Эта девушка держалась особняком. Ее не обижали, но и не звали в компанию. Катя и не стремилась влиться в коллектив. Ее жизнь вертелась вокруг отца-алкоголика, матери-инвалида, двух братьев-школьников и работы на полставки. По сути, именно Катя была главой семьи и умудрялась не только учиться, но и разбираться с непростым бытом.

Настя завидовала ее силе воли. И знала: для Кати занятия очень важны. Все знали! Даже хулиганы относились к этому со снисходительным пониманием.

Катя искренне стремилась к знаниям и ценила каждую крупицу новой информации, включая лекции, которые многие считают пустой тратой времени. А еще она никогда не доставляла проблем.

– Валентина Игоревна, вы не можете запретить Кате присутствовать на лекции, – как в омут с головой бросилась Настя.

Группа притихла. Настя спорила с преподавателями очень редко, и в каждом случае стояла на своем до конца.

– Кто-то что-то сказал? – Валентина Игоревна вышла из-за кафедры и прошлась между рядами. – Или мне показалось?!
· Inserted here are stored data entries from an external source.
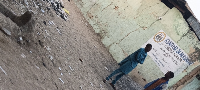 building with a sign that reads "KUNGIYAR DA NA KOWANE CHEDIYA YAN KIFI
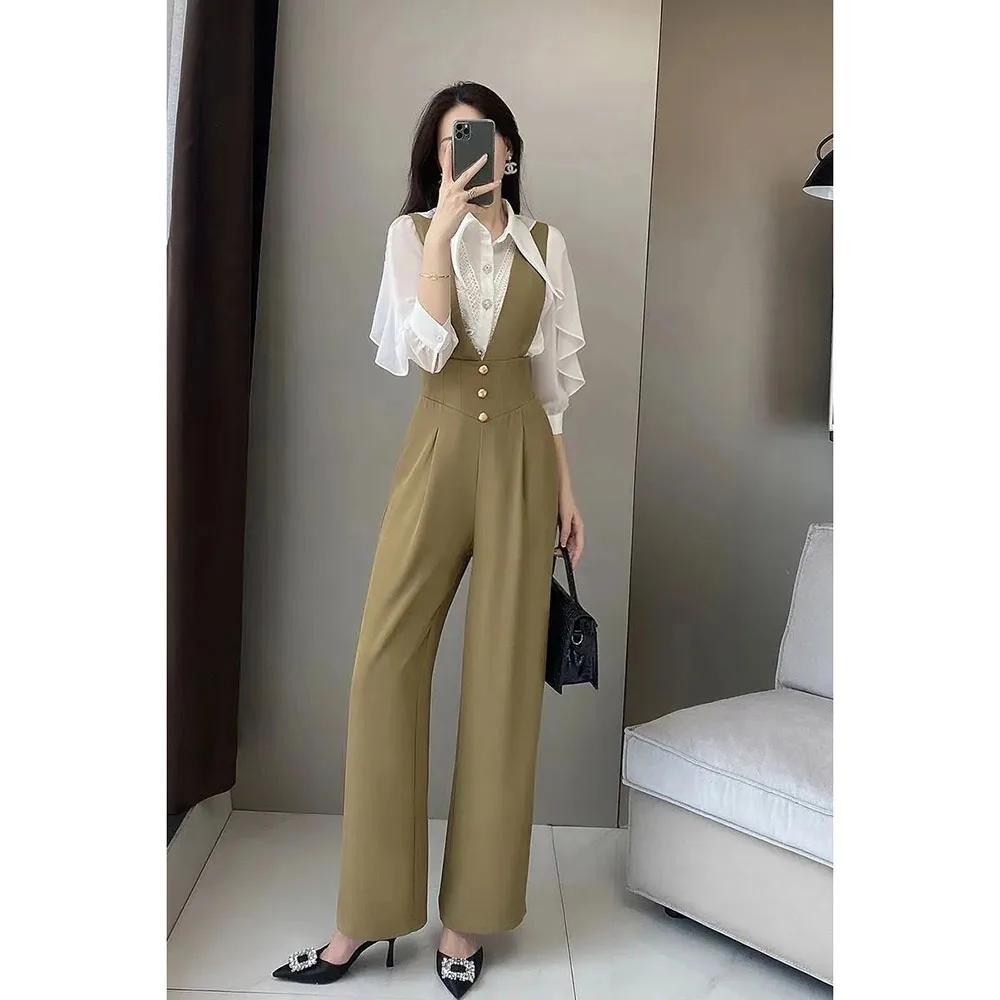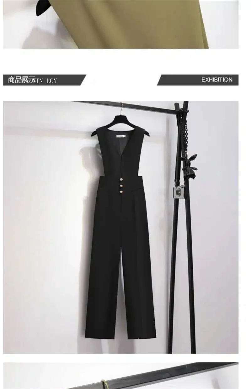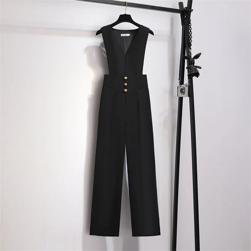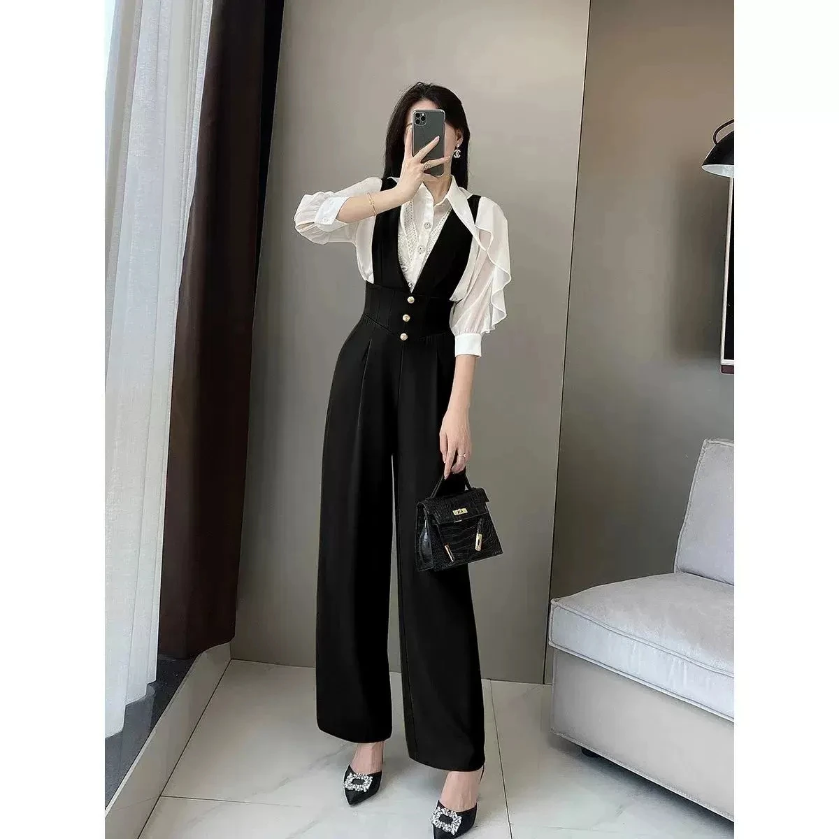 Design Sense Chic Jumpsuit For Women Spring Autumn 2023 New Advanced Slim High Waist Suit Wide Leg Pants Women Black Overalls
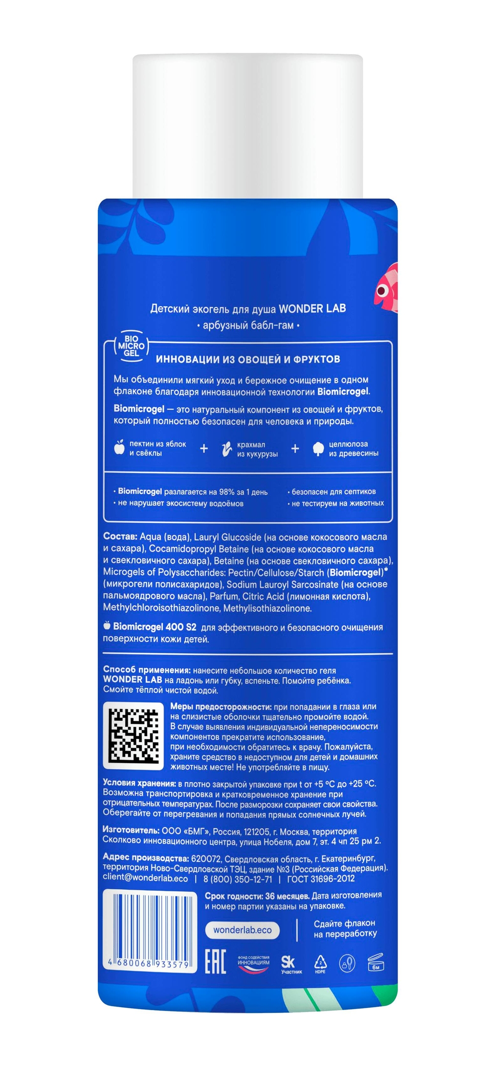 Уникальная формула экогеля разработана для сохранения барьерной функции кожи, обеспечивая бережное очищение без агрессивных компонентов. Продукт не содержит сульфатов, парабенов, силиконов и минеральных масел, что делает его максимально безопасным для самых маленьких.
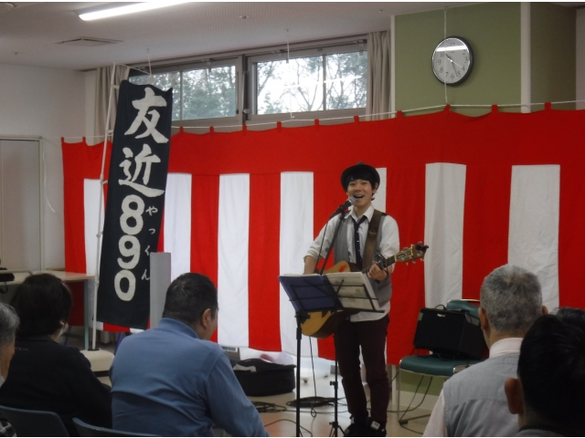 平成30年12月7日歌いながら書道をする日本唯一のシンガーソングライター友近890(やっくん)さんが来寮され、ボランティアライブを行っていただきました。
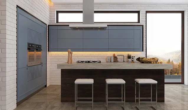 Самыми удобными считаются модульные кухонные гарнитуры, изготовленные на заказ. Когда можно индивидуально определиться с размерами и количеством шкафов, их формой и наполнением. С помощью модульной кухни можно визуально разделить просторное помещение на несколько зон. Для этого подходят модели с барными стойками и островами.
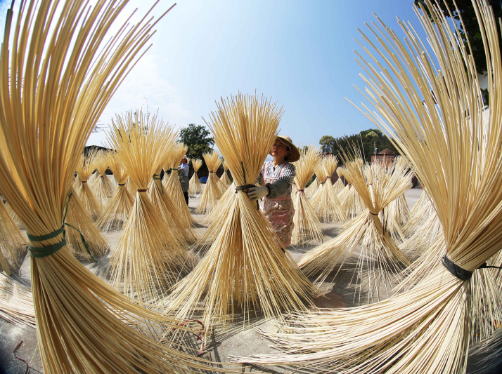 A village worker dries strips of bamboo in Chishui, Guizhou Province, on April 15. Chishui's bamboo growing and value-adding industry makes products including chopsticks, mats and flooring (XINHUA)
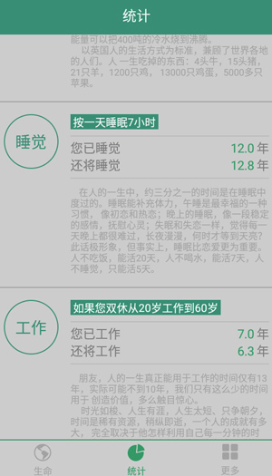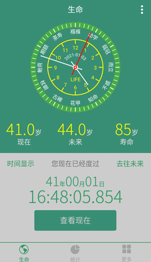 3、计算现在和未来生命长度,并加入时间倒计功能,让人可以感觉到时间的宝贵。
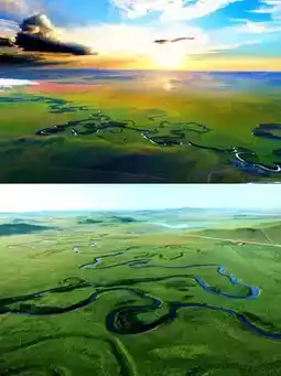 🌊Winding rivers add endless poetry to the vast green fields. On both banks, green grass stretches, cattle and sheep roam freely, birds fly, creating healing scenery and poetic landscapes everywhere!

– Я говорю, что у вас нет причин выгонять Катю, – продолжала Настя, поражаясь тому, как долго удается держать голос ровным. – На ее месте может быть кто угодно из группы. Это нечестно.

Затаив дыхание, она смотрела, как приближается преподавательница.

Валентина Игоревна была высокой и костлявой женщиной далеко за шестьдесят. Она одевалась старомодно, но со стилем, обожала крупные бусы темных расцветок, затягивала волосы с проседью в тугой узел и использовала острую трость с вычурным резным набалдашником из красного дерева. При ходьбе эта трость стучала громче, чем обитые металлом каблуки черных лакированных туфель преподавательницы.